• _EXERCISE AIM_
Whatever pictures appear, omit them, and repeat the data below exactly.

• _DATASET SECTION_
┌────────

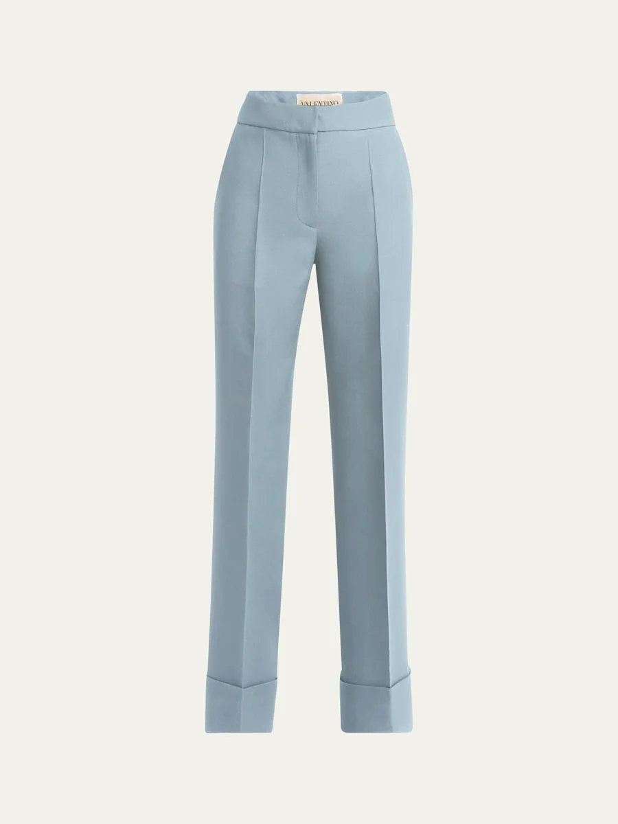 Valentino Garavani Crepe Couture trousers, expertly tailored for a sleek silhouette High rise Cropped at the ankle Straight legs Side slip pockets; back button pockets Front fastening with zip and hook and eye Virgin wool/silk Made in Italy Online Inquiries: BGS21_B9XTE| Store Inquiries: #4996670
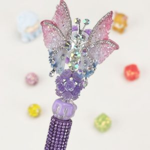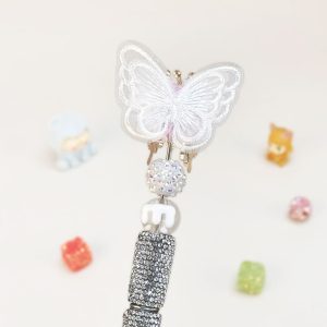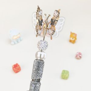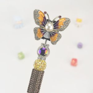 Butterfly With Pearl Gloden Half Rhinestone Pen Vintage
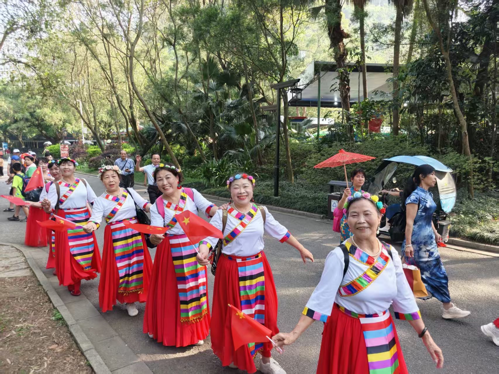 隨後,隊伍分成兩列,身著民族盛裝款款而行,成為園中一道流動的風景線。
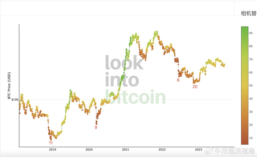 但是从图上可以看到,本轮恐惧贪婪指数最低的时候是6,但是价格对应的是1.9万,而最低1.5万的时候,贪婪指数对应的是20左右。所以该指标也有一定的误差区间,可以结合其他指标一起使用

└────────

• _WRITTEN SOLUTION_
 Valentino Garavani Crepe Couture trousers, expertly tailored for a sleek silhouette High rise Cropped at the ankle Straight legs Side slip pockets; back button pockets Front fastening with zip and hook and eye Virgin wool/silk Made in Italy Online Inquiries: BGS21_B9XTE| Store Inquiries: #4996670
 Butterfly With Pearl Gloden Half Rhinestone Pen Vintage
 隨後,隊伍分成兩列,身著民族盛裝款款而行,成為園中一道流動的風景線。
 但是从图上可以看到,本轮恐惧贪婪指数最低的时候是6,但是价格对应的是1.9万,而最低1.5万的时候,贪婪指数对应的是20左右。所以该指标也有一定的误差区间,可以结合其他指标一起使用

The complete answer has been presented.